EXERCISE AIM
In the listing below, find each line containing "terenie" and report it.

TASK DATA
--

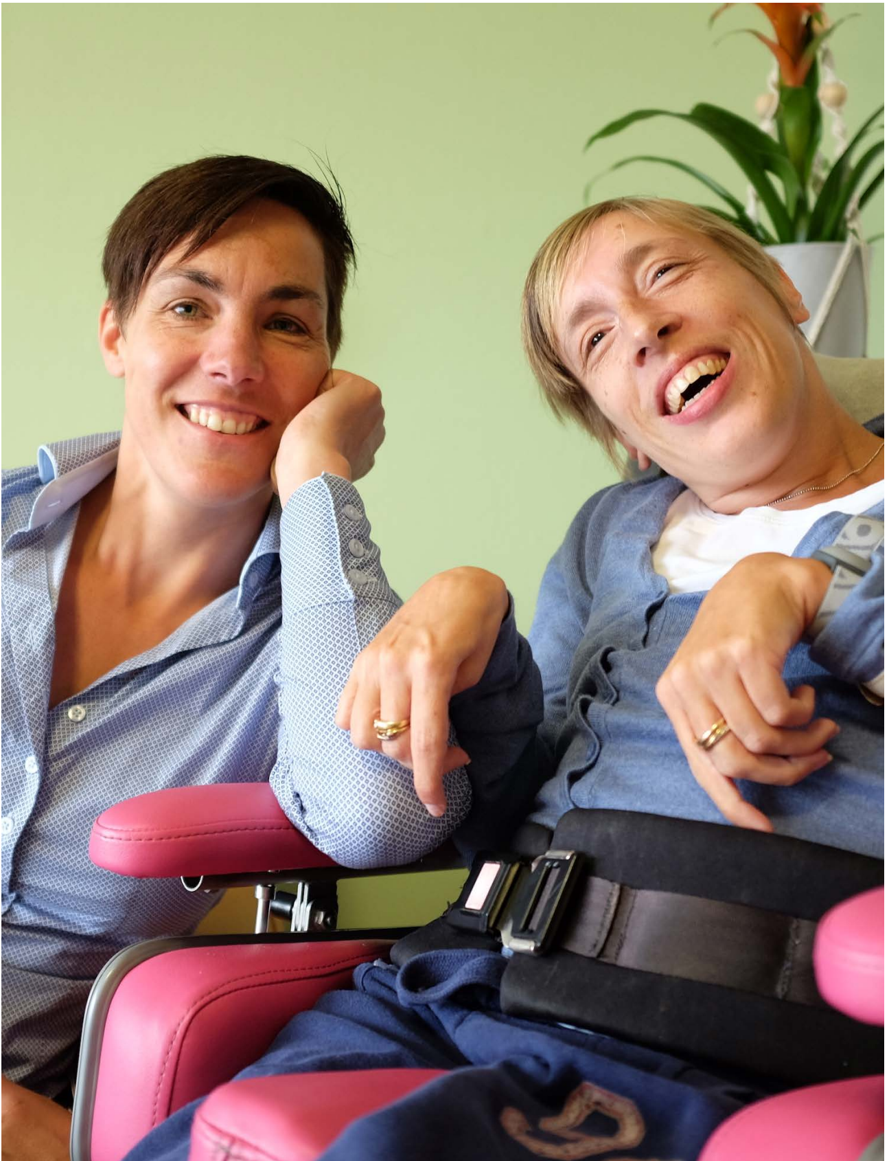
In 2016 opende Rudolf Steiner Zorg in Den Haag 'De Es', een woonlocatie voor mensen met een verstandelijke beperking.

--

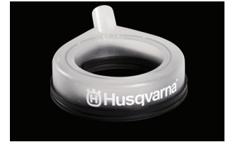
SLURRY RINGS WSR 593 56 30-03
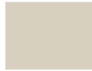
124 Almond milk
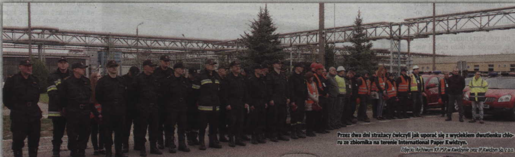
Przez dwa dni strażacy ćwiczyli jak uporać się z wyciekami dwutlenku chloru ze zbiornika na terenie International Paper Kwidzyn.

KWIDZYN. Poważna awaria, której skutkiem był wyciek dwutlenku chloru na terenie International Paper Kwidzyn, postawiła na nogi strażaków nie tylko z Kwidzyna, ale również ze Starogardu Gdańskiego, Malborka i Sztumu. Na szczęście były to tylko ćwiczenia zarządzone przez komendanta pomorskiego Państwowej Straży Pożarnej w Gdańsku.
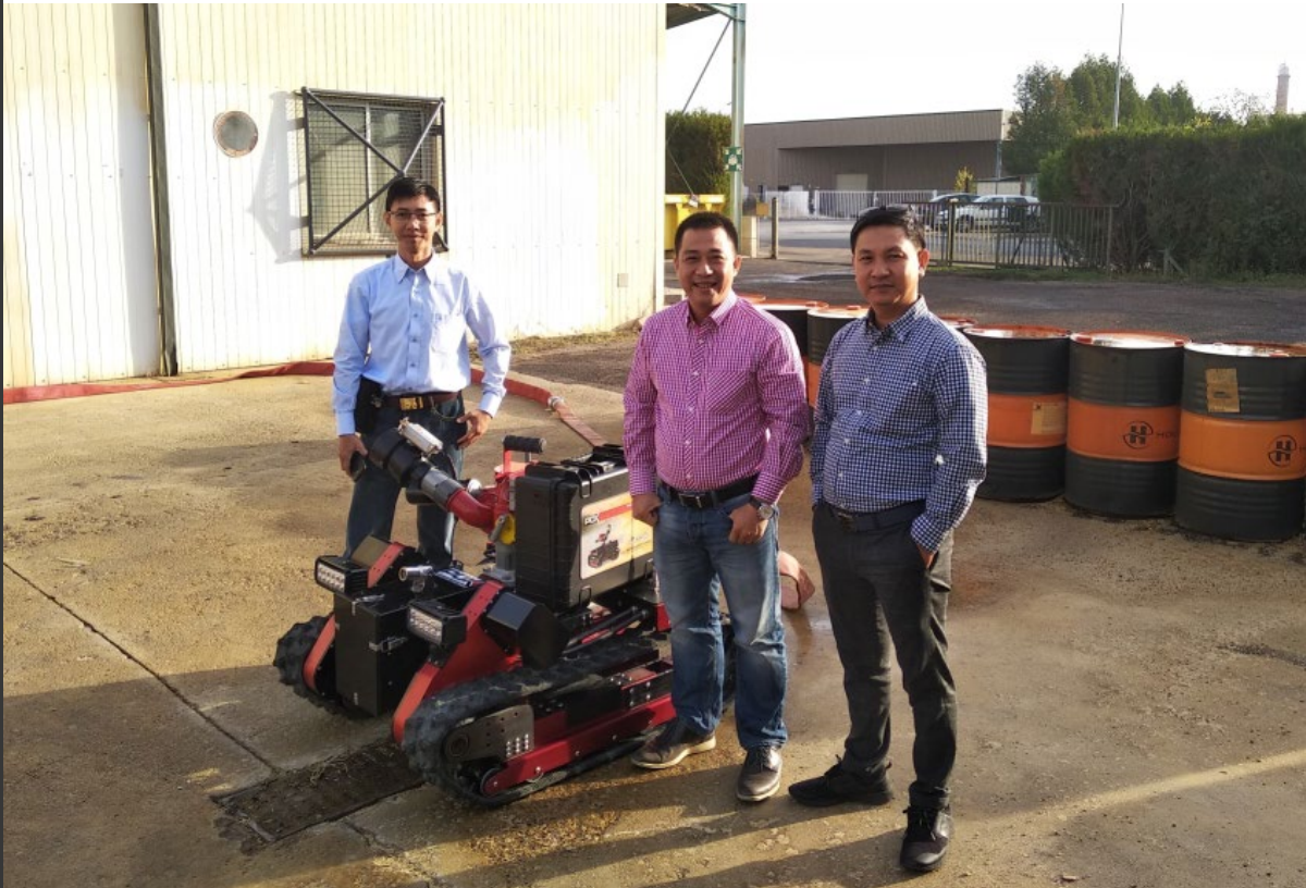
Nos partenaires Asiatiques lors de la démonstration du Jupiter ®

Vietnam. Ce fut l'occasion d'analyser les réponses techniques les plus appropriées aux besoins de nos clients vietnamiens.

--

WRITTEN ANSWER
Przez dwa dni strażacy ćwiczyli jak uporać się z wyciekami dwutlenku chloru ze zbiornika na terenie International Paper Kwidzyn.
KWIDZYN. Poważna awaria, której skutkiem był wyciek dwutlenku chloru na terenie International Paper Kwidzyn, postawiła na nogi strażaków nie tylko z Kwidzyna, ale również ze Starogardu Gdańskiego, Malborka i Sztumu. Na szczęście były to tylko ćwiczenia zarządzone przez komendanta pomorskiego Państwowej Straży Pożarnej w Gdańsku.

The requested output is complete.